Pertusaria bokluensis

Scientific classification
- Domain: Eukaryota
- Kingdom: Fungi
- Division: Ascomycota
- Class: Lecanoromycetes
- Order: Pertusariales
- Family: Pertusariaceae
- Genus: Pertusaria
- Species: P. bokluensis
- Binomial name: Pertusaria bokluensis Jariangpr. (2005)

= Pertusaria bokluensis =

- Authority: Jariangpr. (2005)

Species of lichen

Pertusaria bokluensis is a rare species of corticolous (bark-dwelling), crustose lichen in the family Pertusariaceae. Found in Thailand, it was formally described as a new species in 2005 by Sureeporn Jariangprasert.
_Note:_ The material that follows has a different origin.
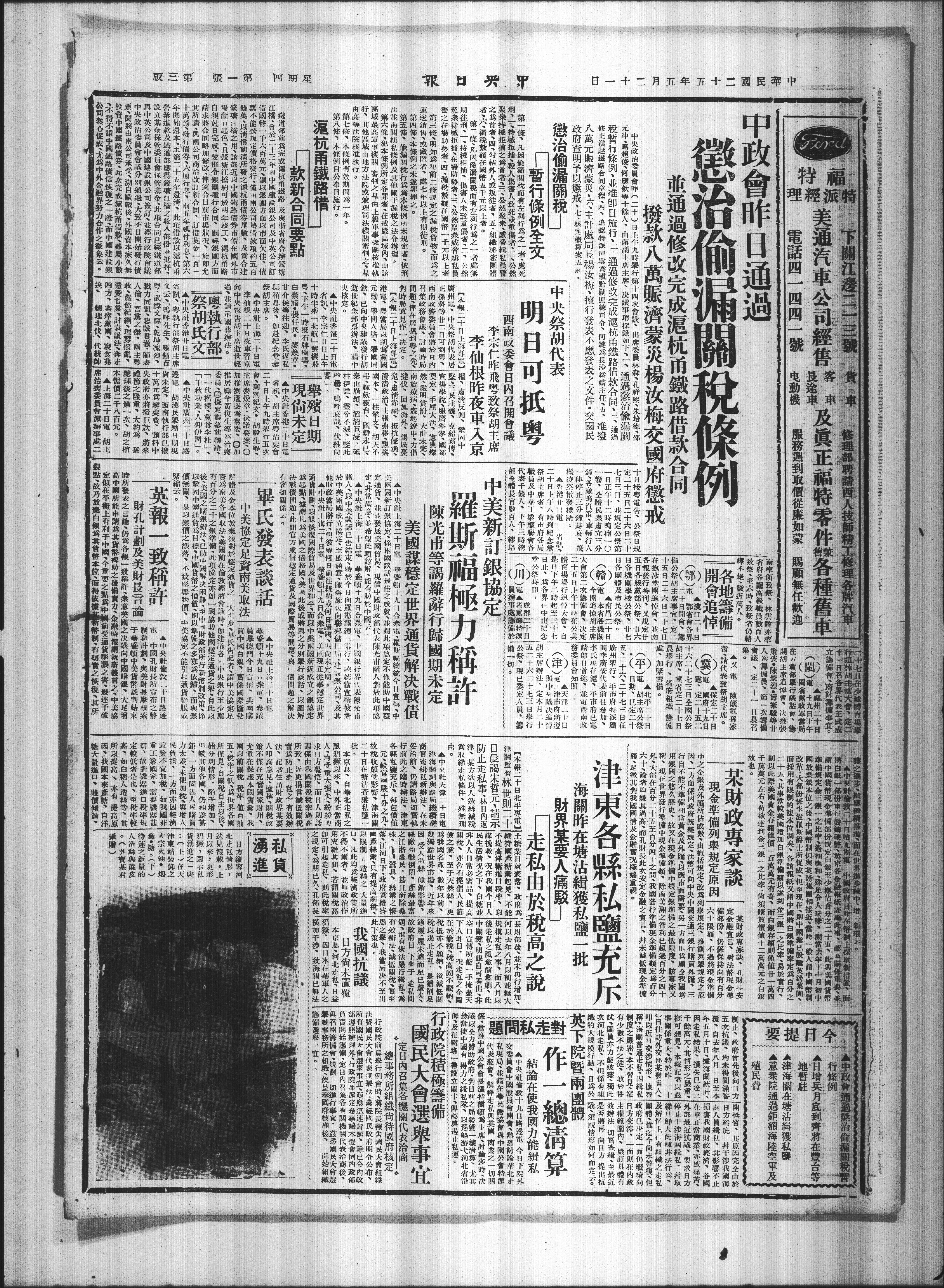 税暂行條例·准即日施行,通過修改完成杭甬鐵路借款合同、三、通巡

The type specimen was collected from the Bo Kluea Nhuea community (Bo Kluea district) at an altitude of 1000 m, where it was found growing on the bark of Dalbergia. It is only known from the type specimen. The species epithet combines the name of the type locality with the Latin adjective -ensis, meaning "place of origin". The main distinguishing characteristics of Pertusaria bokluensis are the eight-spored asci, and the presence of the lichen products 4,5-dichlorolichexanthone and 2,2'-di-O-methylstenosporic acid.